Power and Gendered Identities: (Re) Configuring the Gendered Self in Kenyan Drama
Abstract
Studies of power and gender identity form part of the dominant discourses of various scholars such as Judith Butler, Julia Kristeva, Margaret Hall, Michel Foucault, and Gloria Anzaldua who have explored the concepts of power and gender identity at various levels and contexts. This paper, while contending that gender is one of the most important components of social identity and cultural classification across human cultures, investigates how the politics of gender identity intersects with power in the Kenyan society. To do this, we examine two selected Kenyan plays: Francis Imbuga’s Aminata and Dennis Kyallo’s The Hunter is Back. The study perceives gender as a multi-layered structure in which the perpetuation and re-creation of gender concepts, social divisions and individual identities take place and are in a continuum of struggle.
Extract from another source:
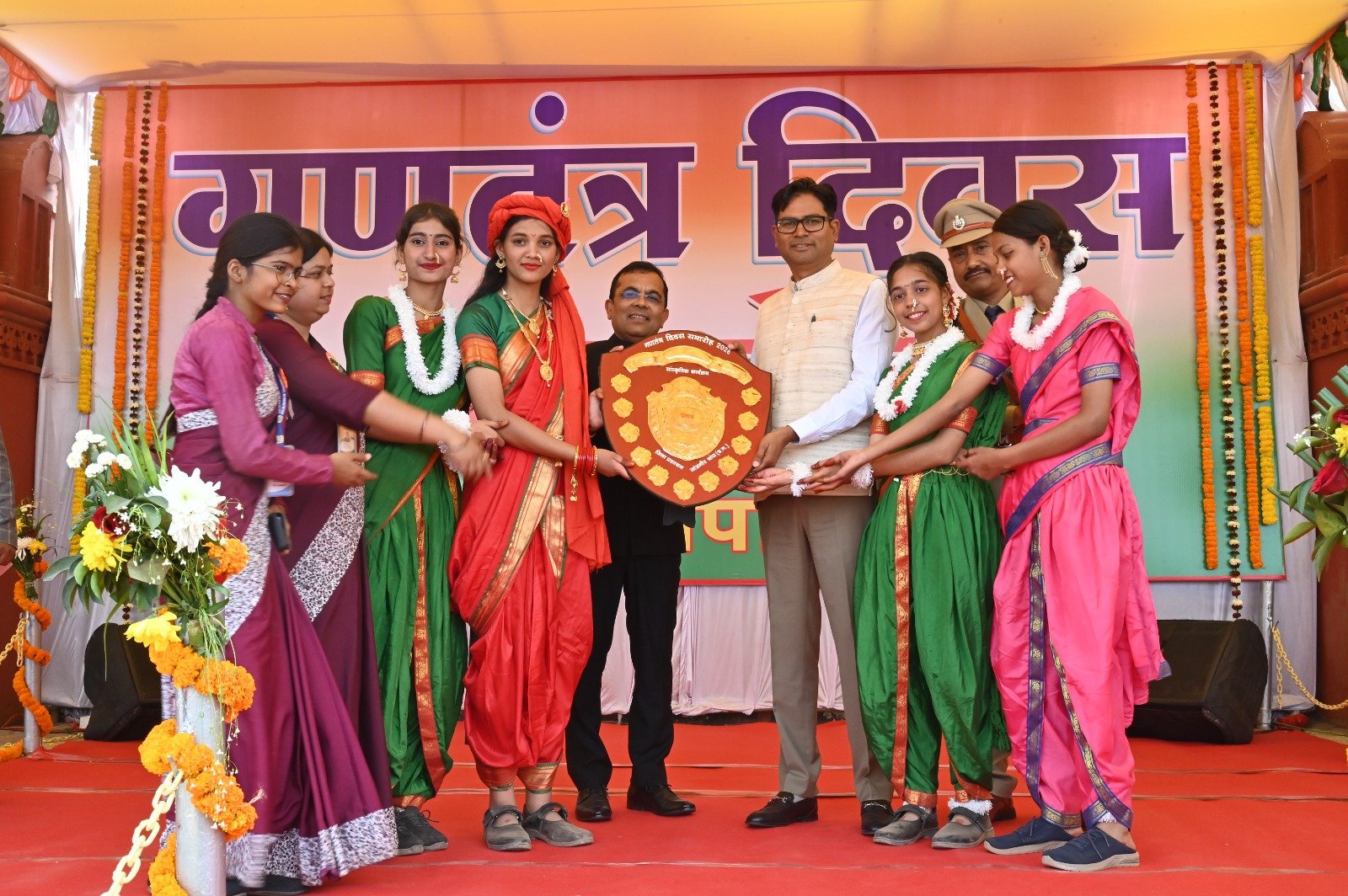 जांजगीर चांपा,जिले में 77 वां गणतंत्र दिवस समारोह हर्षाेल्लास के साथ मनाया गया मुख्य अतिथि वित्त,वाणिज्य कर,आवास एवं पर्यावरण योजना आर्थिक एवं सांख्यिकी एवं जिले के प्रभारी मंत्री ओ पी चौधरी ने हाई स्कूल मैदान जांजगीर में आयोजित जिला स्तरीय कार्यक्रम में राष्ट्रीय ध्वज फहराकर परेड की सलामी ली कार्यक्रम में हर्ष फायर के साथ शांति एवं उत्साह के प्रतीक गुब्बारे आसमान में छोड़े गए साथ ही मुख्य अतिथि ने परेड का निरीक्षण किया गया उन्होंने मुख्यमंत्री विष्णु देव साय के द्वारा आम नागरिकों के नाम संदेश का वाचन किया। श्री चौधरी ने स्वतंत्रता संग्राम सेनानियों व शहीदों के परिजन को शॉल व श्रीफल भेंट कर सम्मानित किया उन्होंने उत्कृष्ट कार्य करने वाले विभिन्न विभागों के अधिकारियों कर्मचारियों को प्रशस्ति पत्र,झांकी एवं परेड में विजेता टीम को शील्ड एवं प्रशस्ति पत्र प्रदान कर सम्मानित किया।

In this regard, we explore how the gendered self (re)configures her position in society as portrayed in the selected texts. Anchored within a multiple complementary theoretical framework in interrogating the nexus between power and gender, the paper argues that the gendered self is in a constant struggle for space within her socio-cultural context. Conscious of the inferior position and roles assigned to her by societal structures, the woman, as the gendered self, confronts socio-cultural practices, politics, and agency among others in an attempt to re-create her own space. Ultimately, these actions (re)define and (re)configure the woman in echelons of power and authority and enable her to participate actively in public spaces. This paper proffers new insights in exploring the representation of power and the gendered self in society through creative works of art in Kenya.